Here is my problem lets say I forward ports to Wireless computer 103, well after 1 day (or one week since I changed the defaults) The device requests a new IP since the client lease time expires.

So wireless computer .103 could be .104 the next week and therefore it would negate the port forward.

Please chime in this is my understanding and I assume Port Triggering gets around this by being dynamic.
 
With Port Triggering the router will dynamically open a port when it senses a machine on the LAN establish a specific outgoing port. That would be one way to open ports even if a different machine, or same machine with a different IP requests it.

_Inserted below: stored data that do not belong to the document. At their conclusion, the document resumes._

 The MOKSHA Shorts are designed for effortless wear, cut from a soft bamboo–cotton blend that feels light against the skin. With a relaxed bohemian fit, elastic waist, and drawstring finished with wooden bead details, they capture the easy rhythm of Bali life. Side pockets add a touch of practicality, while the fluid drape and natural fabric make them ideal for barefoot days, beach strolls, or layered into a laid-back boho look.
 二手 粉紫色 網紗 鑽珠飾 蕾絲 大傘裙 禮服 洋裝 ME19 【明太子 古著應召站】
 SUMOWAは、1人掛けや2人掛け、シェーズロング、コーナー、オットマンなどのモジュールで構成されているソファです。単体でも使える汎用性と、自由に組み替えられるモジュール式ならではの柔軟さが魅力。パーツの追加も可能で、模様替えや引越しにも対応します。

Another option (if your router supports it) is to statically set your DHCP leases, so that each particular machine will keep a particular IP and stay with traditionally forwarded ports.
 
static IPs are a must then disable dhcp

enable port security on your wifi

problem solved
 
With Port Triggering the router will dynamically open a port when it senses a machine on the LAN establish a specific outgoing port. That would be one way to open ports even if a different machine, or same machine with a different IP requests it.

Another option (if your router supports it) is to statically set your DHCP leases, so that each particular machine will keep a particular IP and stay with traditionally forwarded ports.

How would I do this?
 
static IPs are a must then disable dhcp

enable port security on your wifi

problem solved

There is no reason to disable the DHCP service itself. Matter of fact.....it's much better to leave DHCP enabled. Amongst the several reasons to leave DHCP enabled...some people are not network savvy, and say they are messing around..they disable DHCP service...and they screw up static IP assignments. Not knowing what to do, they flip the TCP back to obtain auto..and can't get to the routers web admin anymore.

You either...
*Create reservations within the DHCP service itself..binding a MAC address to a specific IP address, best option.
*or manually assign IP addresses outside the normal DHCP pool. Often home routers hand out addresses from 192.168.1.100 to .200 or whatever, they take 192.168.1.1 for themselves on the LAN side..leaving you with 192.168.1.2 to 192.168.1.99 for addresses you can manually assign without conflicts.
 
How would I do this?

Depends on the make/model router you have...but somewhere in the section that deals with DHCP, you may find an option that's called "Reservations" or "Static IPs". You enter the MAC of the PC you wish to become static, and you enter the last octet of the IP address you wish it to be. Once you save that setting..go over to that PC..run an IPrenew, and it will pickup the address you assigned it, all the time.